But I responded to her, not so much to set her straight — perhaps she really was trying to be funny — but more as a message to any of my other readers who thought the way her comment implied:

“Lots of people love Folgers. Actually, lots of people are drinking it and don’t even know it. Don’t you know that’s what most people are serving at conferences and church? Do you really think it’s the high premium ones being served?”

You see. I’m convinced that the reason so many people struggle financially for so long following a job loss, or downsizing, or an economic blow to their bank account, is because they’re not willing to adjust their lifestyle to their new life. They live and spend and go about their days in what I call “denial of the moment,” that catches up to them when the debt collectors come calling.

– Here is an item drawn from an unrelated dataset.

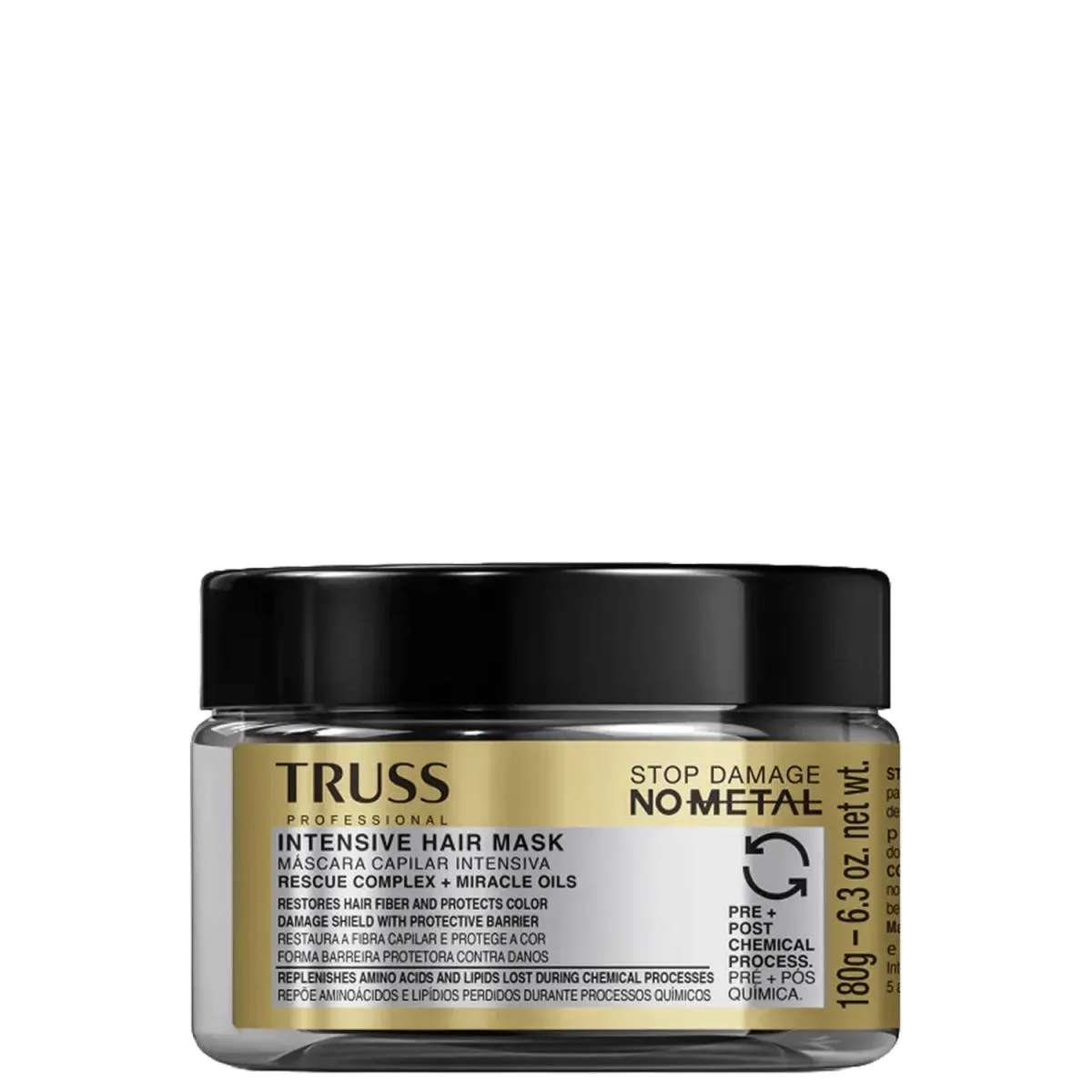 A máscara Capilar TRUSS No Metal é o tratamento intensivo e profundo para cabelos danificados e quimicamente tratados, sendo ideal para quem passou por processos de descoloração ou coloração. Esta máscara foi especialmente desenvolvida para proporcionar uma restauração capilar profunda, reconstruindo as fibras capilares tanto no pré quanto no pós-química. Com Blend de Miracle Oils e o poderoso Rescue Complex, atua recuperando os danos causados aos fios, repondo aminoácidos proteicos e lipídeos essenciais que resultam em:

I know there are some who really don’t know how to make a major life shift, because luxury spending and not having a budget was always so much a part of their every day life, that adjusting is difficult. They don’t know where or how to start. However, that doesn’t mean that they shouldn’t learn.

But then there are others; several people who I know personally, who don’t because they won’t. They would rather be seen with the five dollar green logo cup of coffee in their hands, than the one dollar gas station version; or even something brewed from home. They would rather run up their credit cards at their old familiar boutique retail outlets, than to be seen coming out of a discount store, let alone, any type of consignment shop.

These are the women who buy cars for “show” and look down on generic or store-brand products, some of which have beaten the higher priced items in blind taste tests, or are even products made by the same name brand companies. But when you’re putting on a show, the illusion is what you’re trying to sell.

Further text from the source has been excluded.